With make-up brushes, I excavated

It from the basement below the basement.

I dug around it with an old nail file.


No, it can’t be.  It can’t be.  It can’t be.


How it revealed itself delicately—

An implied outline at first, land so far

Off on the horizon that it might just be


But it’s not.  I just won’t let it be.  No.


A distant storm, then a certain contour,

Then colored, still redolent with the wreathed

Lotus flowers with which I entombed it.


How can this thing have ever been my god?


My blood remembers the kneeling I blocked

Out of consciousness, the smearing of feet

With honey, the jar emptying the gold.


What did I think this would ever bring me?


My skin found the idol warm to the touch,

Not like now. I polished it with my best

Olive oil, burned green bills in a brass bowl.


I chanted.  I chanted. What did I chant?


What was it? Nam yo ho renge kyo? No.

Was it Ave? Mea culpa?
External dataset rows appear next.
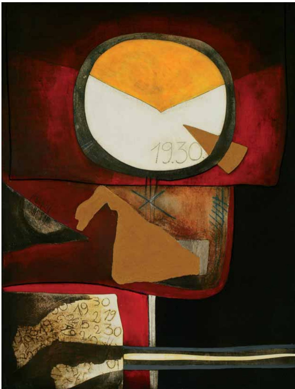
Bez tytułu, technika mieszana na sklejkę, 165 x 120 cm., 2006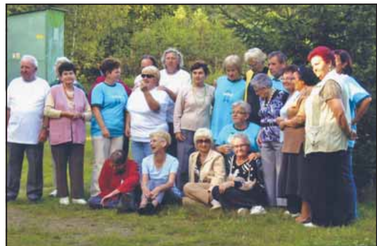
Po wyczynach sportowych przyszedł czas na pamiątkową fotografię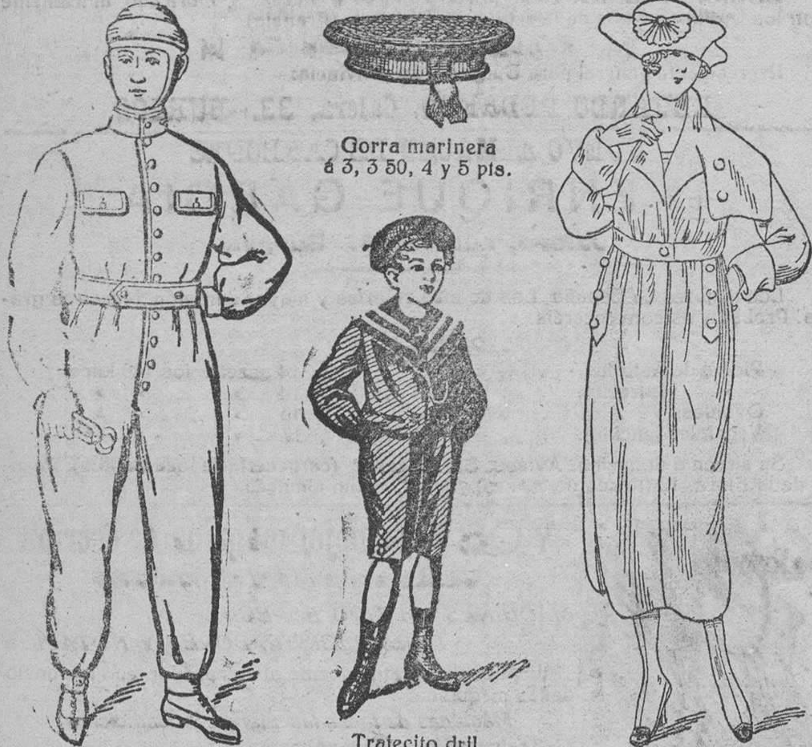
Gorra marinera a 5, 3 50, 4 y 5 pis.

Plaza Mayor, 42, y Lain-Calvo, 9.-Teléfono núm. 88.-Burgos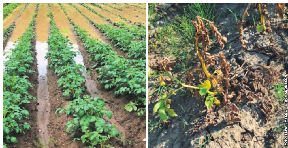
Kartoffel als Risikokultur: Staunässe, Dürre und ansteigender Schädlings- und Pilzkrankheitsdruck.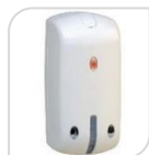
MX CURTAIN € 164,00

Rilevatore a doppia tecnologia. Portata m 10 tenda a fascio stretto 3°. Fornito con squadretta di fissaggio a 90 °°, installazione facilitata (2 fili). PRESTAZIONI : Schermo protettivo a fascio stretto 3 Sensibilità regolabile per ciascuna tecnologia Funzionamento a coincidenza o a tecnologia singola Antimascheramento con fasci attivi infrarossi Compensazione automatica della temperatura e del rumore di fondo Analizzatore A/D del segnale Ingresso memoria allarme Elevata immunità alle interferenze RFI e EMI Squadretta di fissaggio a 90 fornita a corredo. Alimentazione da 9 a 14 Vc.c. portata di rilevazione m 10, angolo stretto 3 Assorbimento standby 20mA, in allarme 30mA max Risposta antimascheramento 90 secondi *PESO: g 80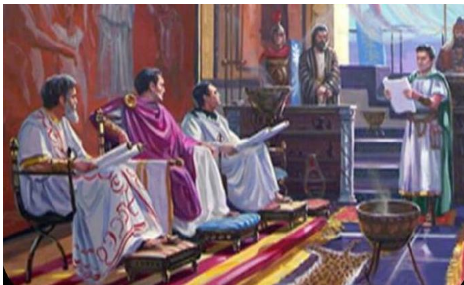
Advocaat Tertullus spreekt....

'Geachte heer Felix, dankzij u is er al lange tijd vrede in ons land. U neemt beslissingen die goed zijn voor ons volk. Dat weten wij en daar zijn wij u heel dankbaar voor. Wilt u vandaag zo vriendelijk zijn om een ogenblik naar ons te luisteren? Ik zal het kort houden.'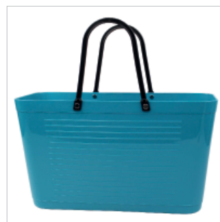
PD195011 VE 2 39.00/Stk 43 x 18 cm, H 24 cm, mit Henkel 41.5 cm türkis/turquoise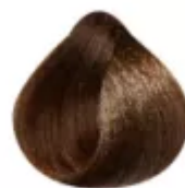
7.31 - Louro Médio Bege

Neither.

Call me, call me, call me, call me, call me?


The graven image remains deaf and mute,


Still radioactive to someone else,

Mum under the curse against which I

Now wear an amulet.  What will I do?


It is fossilized against wood chippers.


It has not composted yet.  If only

I were craftier.  With a glue gun and 

Imagination, I might make this an


Uncrackable piñata effigy.


With shoulder pads a stuffed bra, it might

Serve now as a grim dressmaker dummy.

A frat could make it an ancient Greek prank.


I think I had an orgy with this thing.


If I owned a disco, I could cover

It in fluorescent paint, and then the black

Light that emanates from it would make sense


To everyone else who looked at it.


For now, I will cover it with an old quilt.

I never come down here unless pipes whine.

Until I need ornaments for a tree,


I’ll lock the door at the top of the stairs.